REQUIREMENT: Given the records below, would you repeat exactly the lines that begin at the one containing "A power law" and end at the one containing "4、時裝穿戴時,在獲得新部件", inclusive?

MATERIAL FOR THIS TASK:
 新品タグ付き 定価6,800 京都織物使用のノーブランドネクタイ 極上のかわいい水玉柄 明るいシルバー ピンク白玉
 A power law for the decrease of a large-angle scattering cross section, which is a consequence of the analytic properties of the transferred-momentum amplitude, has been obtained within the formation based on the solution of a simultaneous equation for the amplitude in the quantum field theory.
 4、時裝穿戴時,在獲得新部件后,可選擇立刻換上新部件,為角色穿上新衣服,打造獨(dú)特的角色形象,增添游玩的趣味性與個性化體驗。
---
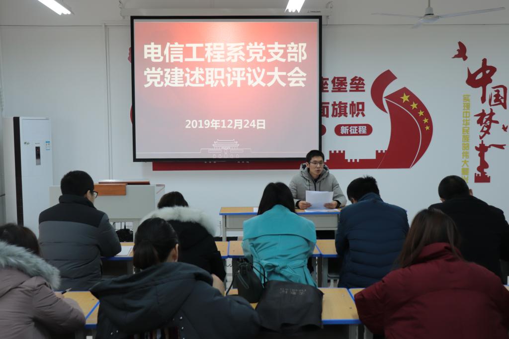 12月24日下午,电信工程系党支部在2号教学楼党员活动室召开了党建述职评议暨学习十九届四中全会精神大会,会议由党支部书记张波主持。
--
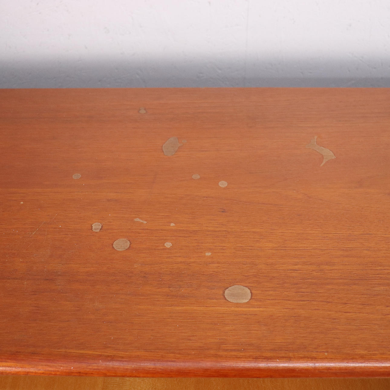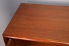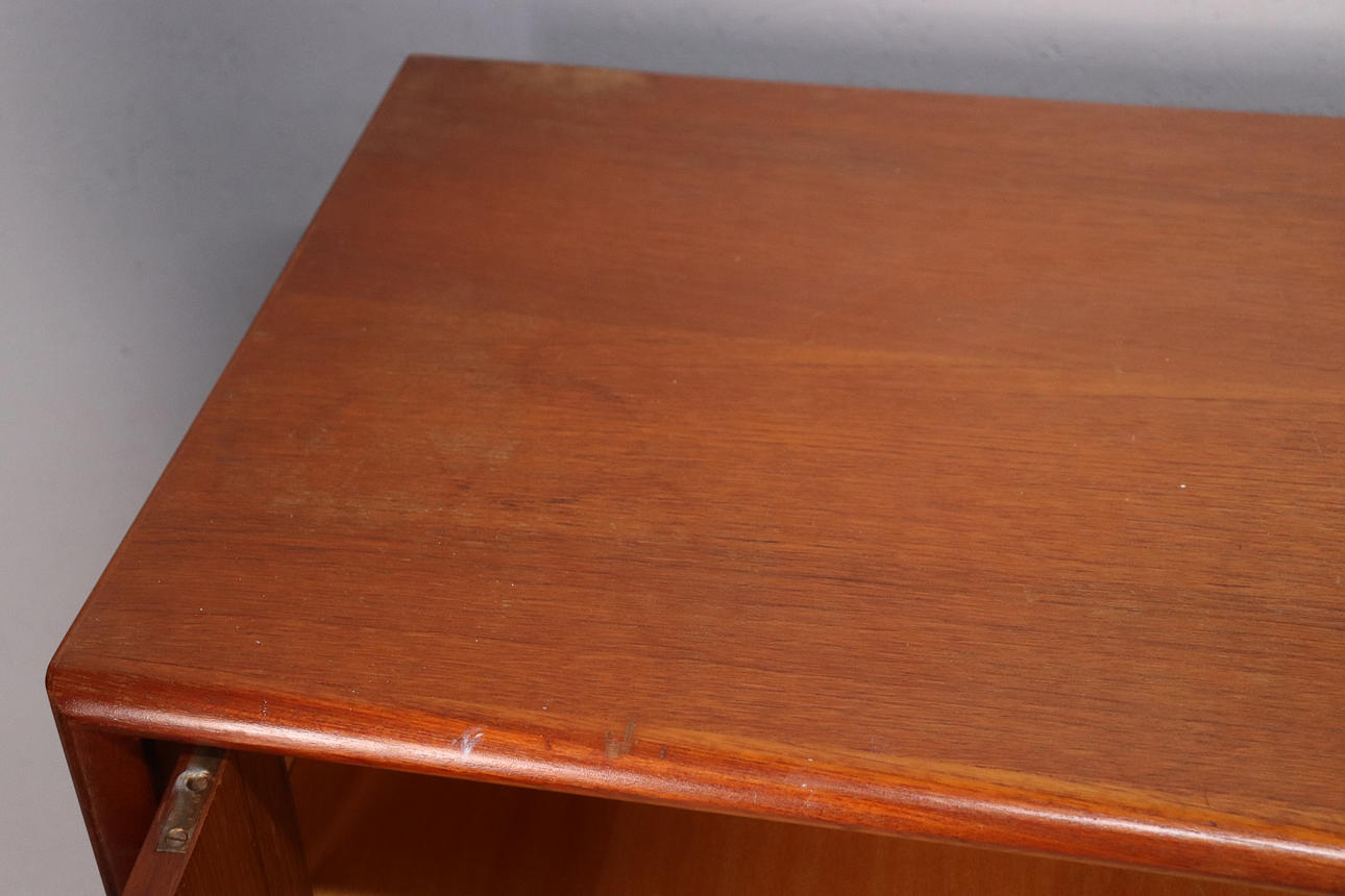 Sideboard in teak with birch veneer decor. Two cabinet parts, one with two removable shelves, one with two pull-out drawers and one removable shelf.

WRITTEN ANSWER:
 A power law for the decrease of a large-angle scattering cross section, which is a consequence of the analytic properties of the transferred-momentum amplitude, has been obtained within the formation based on the solution of a simultaneous equation for the amplitude in the quantum field theory.
 4、時裝穿戴時,在獲得新部件后,可選擇立刻換上新部件,為角色穿上新衣服,打造獨(dú)特的角色形象,增添游玩的趣味性與個性化體驗。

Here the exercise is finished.